# Application For Work Permit



## GRETZKY427 (Jan 5, 2013)

I have filled in all that i can on my Application For Work Permit Made Outside Of Canada (IMM129E_WHP_20110317)

But with the part under "Details Of Intended Work In Canada" question 3: Intended location of employment in Canada i put the Province as AB, City/Town as Edmonton but what if we have not secured somewhere to live yet as this i will be organising about 2-3mths before we leave as Alberta residents require 30 days notice for vacancy in rentals apartments. Hence i would just going to put N/A in that field?

Would there be any issue with that or would i be best to contact the Canadian Consulate in my state and query this with them?


----------



## Liam(at)Large (Sep 2, 2012)

I believe the form is looking for the name and address of your intended employer...


----------



## GRETZKY427 (Jan 5, 2013)

Liam(at)Large said:


> I believe the form is looking for the name and address of your intended employer...


But i wont have one until we start looking for work when we land in Edmonton...Work Visa (open work permit) dont require work to be lined up to apply for these visas.


----------



## Liam(at)Large (Sep 2, 2012)

GRETZKY427 said:


> But i wont have one until we start looking for work when we land in Edmonton...Work Visa (open work permit) dont require work to be lined up to apply for these visas.


You can't jut apply for an open work permit!? Generally only spouses of individuals with a work permit (and a job offer and TWP) or student permit are issued open work permits.


----------



## GRETZKY427 (Jan 5, 2013)

Liam(at)Large said:


> You can't jut apply for an open work permit!? Generally only spouses of individuals with a work permit (and a job offer and TWP) or student permit are issued open work permits.


This is actually a work holiday program (open work permit)

https://www.whpcanada.org.au/working_holiday-vacances_travail.shtml - the permit my wife and i are applying for.


----------



## Liam(at)Large (Sep 2, 2012)

GRETZKY427 said:


> This is actually a work holiday program (open work permit)
> 
> https://www.whpcanada.org.au/working_holiday-vacances_travail.shtml - the permit my wife and i are applying for.


"For working holiday applicants, any declaration on this section “Details of Intended Work in Canada” has no bearing on your work permit as you will be issued an OPEN work permit and is therefore not restricted to working for one employer nor restricted to the start and end date on your offer of employment.

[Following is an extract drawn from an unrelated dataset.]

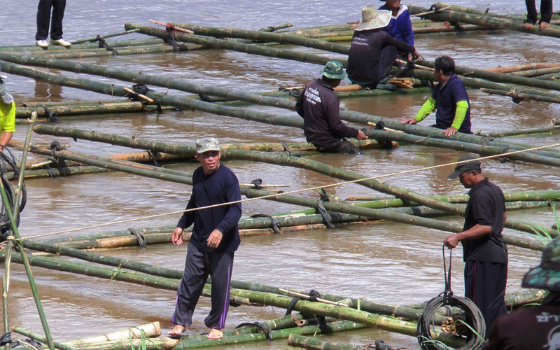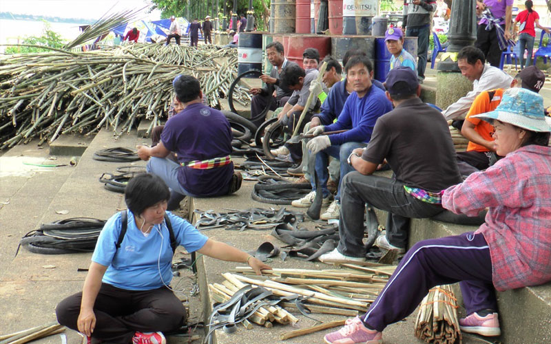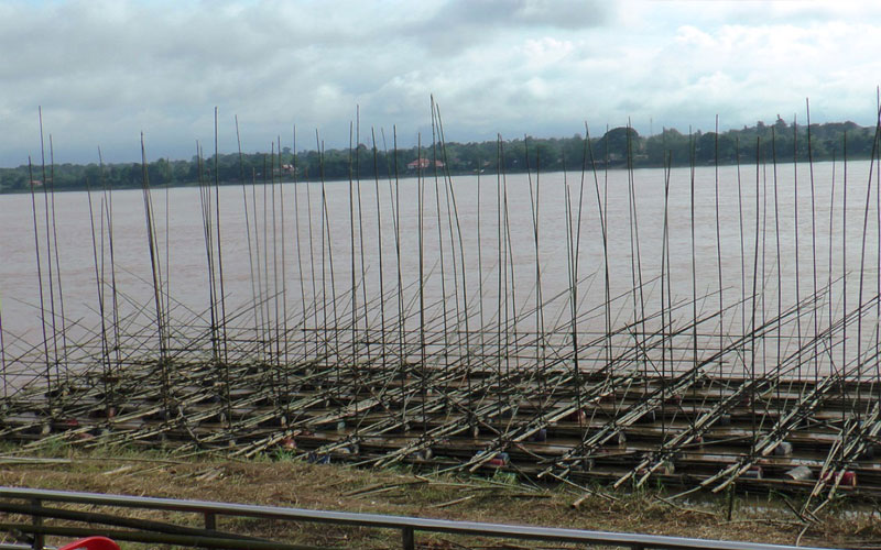 ในสมัยโบราณคนที่มีบ้านเรือนอยู่ใกล้กับแม่น้ำโขง จึงสร้างเรือไฟที่ทำด้วยท่อนกล้วย หรือไม้ไผ่ต่อเป็นลำเรือ ให้สามารถลอยไปตามสายน้ำ โดยใช้ผ้าเก่ามาฉีกเป็นริ้ว ชุบน้ำมันยางแล้วตากแห้ง นำไปพันกับเส้นลวดในโครงสร้างรูปเรือแล้วจุดไฟ ภายในเรือตกแต่งด้วยดอกไม้ ธูป เทียน แล้วใส่ข้าวปลาอาหาร กล้วย อ้อย หมากพลู บุหรี่ ฝ้าย ในไหมหลอด เสื่อ หรือสิ่งของที่ต้องการบริจาคทานบรรจุลงเรือไฟ ก่อนจะพัฒนามาเป็นฐานทำด้วยแพลุกบวบ หรือผูกติดกับถังน้ำมันเก่า เพื่อเป็นทุนลอยน้ำ ตัวเรือทำจากไม้ไผ่มัดเป็นแพและถังน้ำมันมัดเป็นทุ่น ส่วนโครงเรือไฟ(นั่งร้าน) ทำจากไม้ไผ่รวกหรือไม้ไผ่บ้าน เป็นต้น
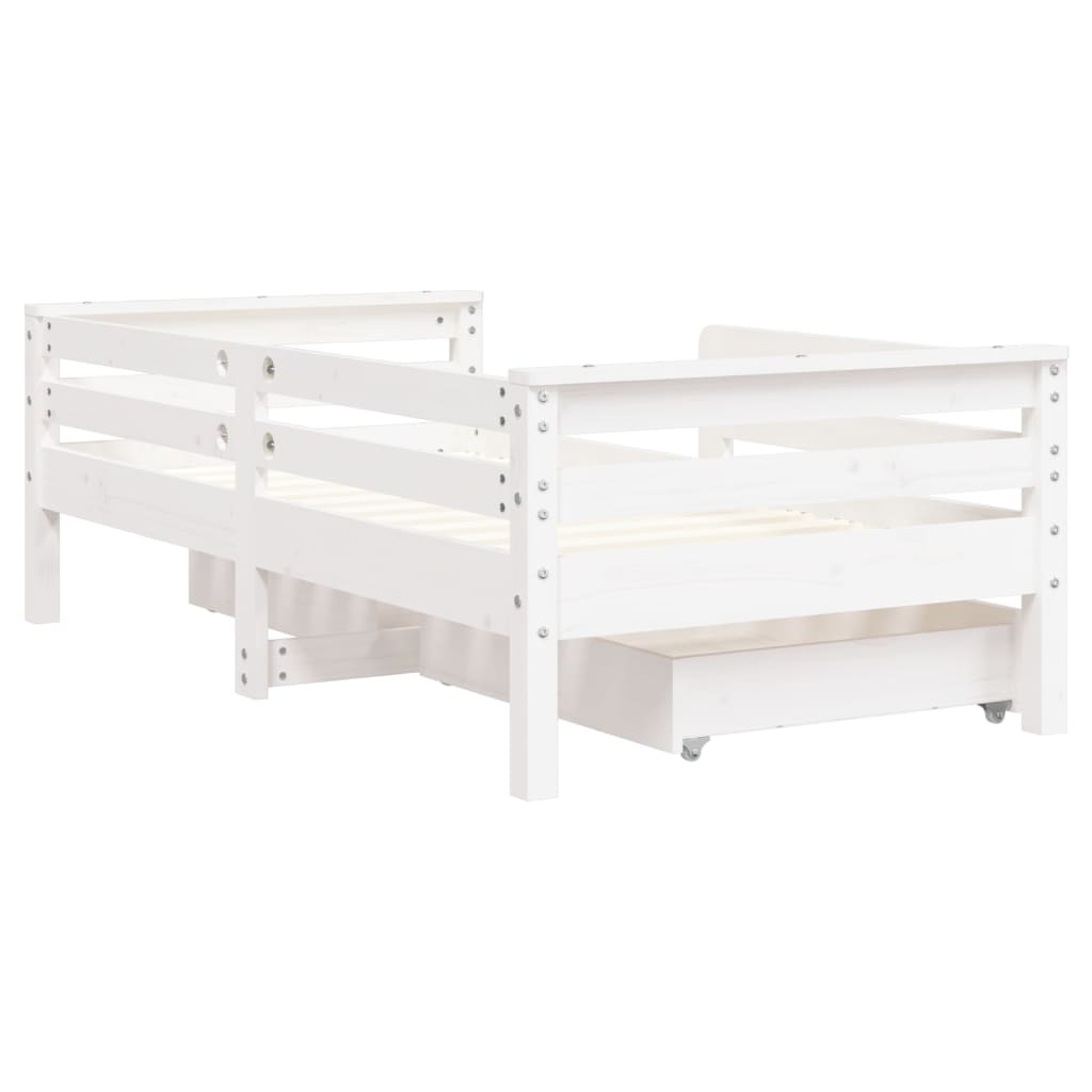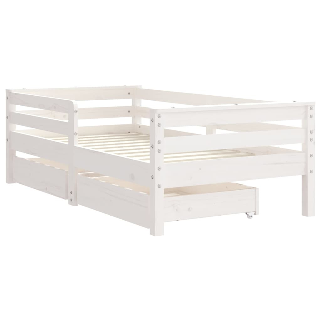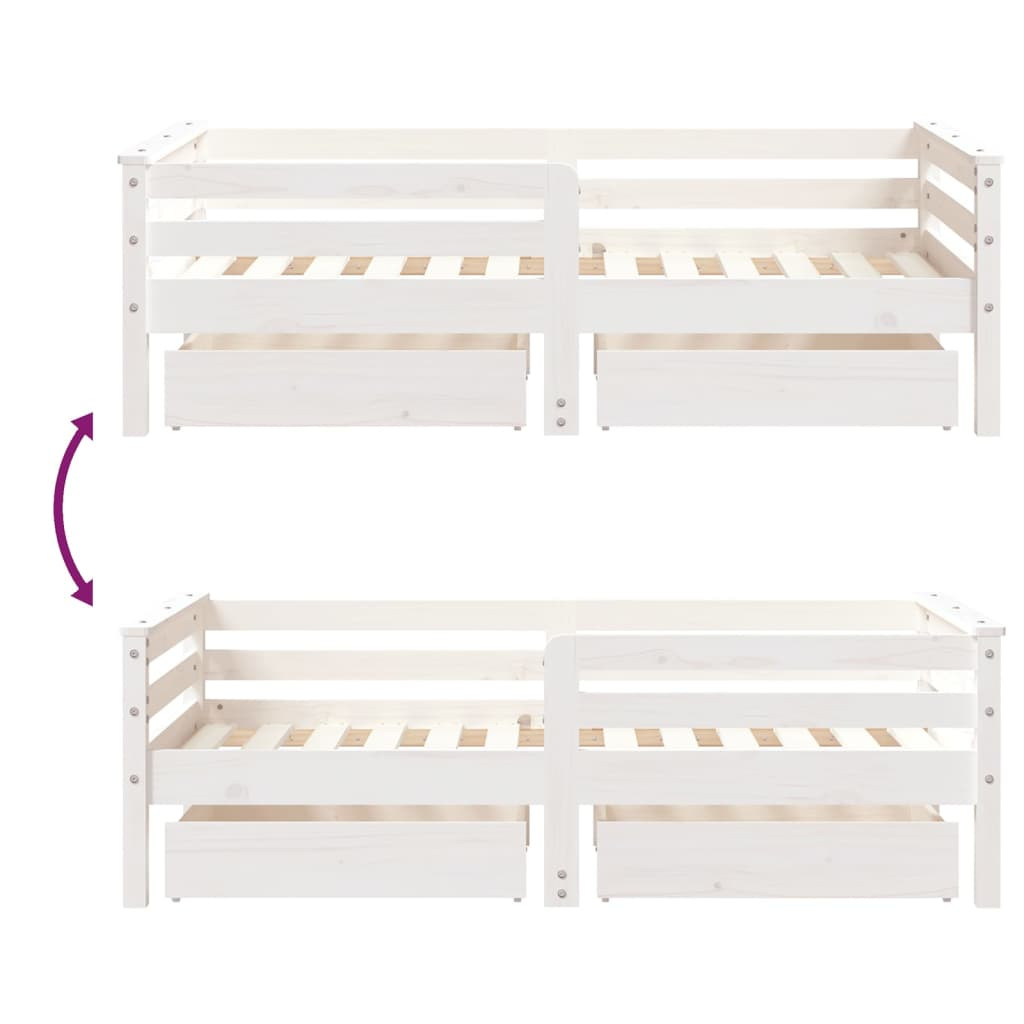 fehér tömör fenyőfa gyerekágykeret fiókokkal 70 x 140 cm

An explanation is available at http://www.whpcanada.org.au/work_permit.shtml. If there are mandatory or required fields to complete in this section, such as the Job Title and Duties, which you are unsure of or don’t have information on, just type "NA" or "not applicable".

If you have an employer in Canada, type the name of employer. Attach a copy of the offer of employment if one is available. If you are employed by a foreign employer who provides services to a Canadian entity, indicate the name and foreign address of this employer.

Expected start and end dates of your work in Canada – can be left blank

7-digit number of your valid Labour Market Opinion (LMO) – can be left blank"

https://www.whpcanada.org.au/cic.shtml


----------



## GRETZKY427 (Jan 5, 2013)

Liam(at)Large said:


> "For working holiday applicants, any declaration on this section “Details of Intended Work in Canada” has no bearing on your work permit as you will be issued an OPEN work permit and is therefore not restricted to working for one employer nor restricted to the start and end date on your offer of employment. An explanation is available at http://www.whpcanada.org.au/work_permit.shtml. If there are mandatory or required fields to complete in this section, such as the Job Title and Duties, which you are unsure of or don’t have information on, just type "NA" or "not applicable".
> 
> If you have an employer in Canada, type the name of employer. Attach a copy of the offer of employment if one is available. If you are employed by a foreign employer who provides services to a Canadian entity, indicate the name and foreign address of this employer.
> 
> ...


Many thanks that what i wrote N/A.


----------